= Mary Beth Fielder =

American film producer

Mary Beth Fielder is an American writer, director and producer of television and feature films. She served on the faculty of the University of Southern California School of Cinematic Arts from 1994 to 2009.

==Biography==
Fielder began her academic career at the University of Pennsylvania, where she graduated magna cum laude with a degree in fine arts. She subsequently moved to New York City and studied acting at the Neighborhood Playhouse School of the Theater under Sanford Meisner. After three years working in New York theater, she was accepted to the Master of Fine Arts Program in Film Production at the University of Southern California (USC) School of Cinematic Arts. In the following years, Fielder wrote several scripts for studios such as Universal Pictures, 20th Century Fox and Warner Bros. She also directed thirtysomething for ABC television and a number of other series.

In 1994, Fielder returned to USC as a full-time faculty member, teaching film directing, screenwriting and acting and serving as the faculty mentor on over 100 student films. She was awarded the Mellon Award for Excellence in Mentoring in 2007 for mentoring undergraduate students and again in 2009 for mentoring graduate students.

Fielder has also worked with the Jewish Federation's Tel Aviv/Los Angeles Partnership Program, teaching and writing the curriculum for a Cinema Master Class and coordinating a summer exchange program between Tel Aviv University and USC. In March 2008 she received a U.S. Speakers and Specialists grant to conduct a series of scriptwriting workshops and career mentoring workshops in Nairobi, Kenya.

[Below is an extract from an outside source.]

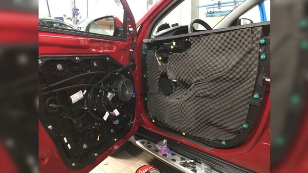 Устранение шума с помощью шумоизоляционных материалов. Шумоизоляция состоит из нескольких слоев материала и прокладывается в проблемных местах. В полностью герметичном салоне показатель шума снижается на 40%, что положительно влияет на создание комфортных условий при движении. Не существует материалов, которые могли бы свести показатель шума на ноль. Но уменьшить его до оптимальной отметки позволяет многослойная изоляция. Полная изоляция состоит из следующих слоев: -Вибропласт - полимерный материал, который клеится на обезжиренные места кузова. -Сплэн - клеится на вибропласт. Состоит сплэн из пенопоэлитиена. Также вместо сплэна применяют и битопласт. Этих материалов достаточно, чтобы создать минимальную шумоизоляцию автомобиля. Для более тщательной обработки проблемных мест используют маделин. Это прокладочный материал, который снижает скрипы и вибрации пластика или металла. Используя все материалов изоляции можно добиться снижение шума на половину. Конечно полностью устранить шум не удастся, но довести до комфортного показателя вполне возможно.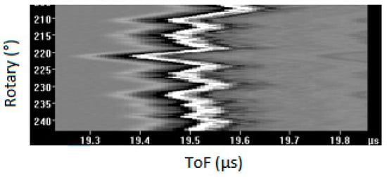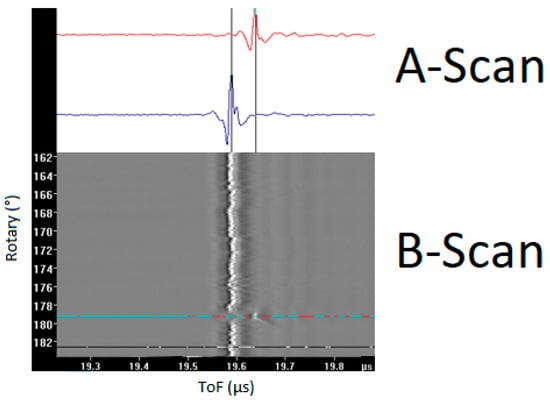The primary objective of this research was to explore the effectiveness of a deterministic auto-sizing mechanism for pressure tube UT scans by automating the analysis of Type-A and Type-D B-Scan files using the 20 MHz normal beam (NB) probe. The difference between Type-A and Type-D files is that the Type-A file contains non-interlaced data using a single probe, while the Type-D file contains interlaced data from two probes. B-Scans represent a series of A-Scan data plotted against a single coordinate variable, as can be seen in Figure 2. A-Scans can be defined as a two-dimensional graphical representation of UT data, with ultrasound travel time as one axis, and signal amplitude as the second axis.

The workshops took place in Kibera, where she taught scriptwriting to fifty students for the Hot Sun Foundation.

Fielder co-wrote and produced two feature films. Wild About Harry (2009) tells the story of a teenage girl who discovers a shocking secret about her recently widowed father. The film was awarded "Best of Fest" at the Palm Springs International Film Festival, and the filmmakers also received a special award from the City of Palm Springs for their efforts in fighting homophobia. Togetherness Supreme (2010) is the first feature film shot entirely in Kibera, Kenya, and tells a story of intertribal conflict and reconciliation set against the backdrop of the contested presidential election in 2007. The film won two awards at the 2010 Africa Movie Academy Awards, and in February 2011 won Best International Feature Film Award at the 26th Santa Barbara International Film Festival.

Fielder is a member of the Writers Guild of America, the Directors Guild of America, and the Screen Actors Guild.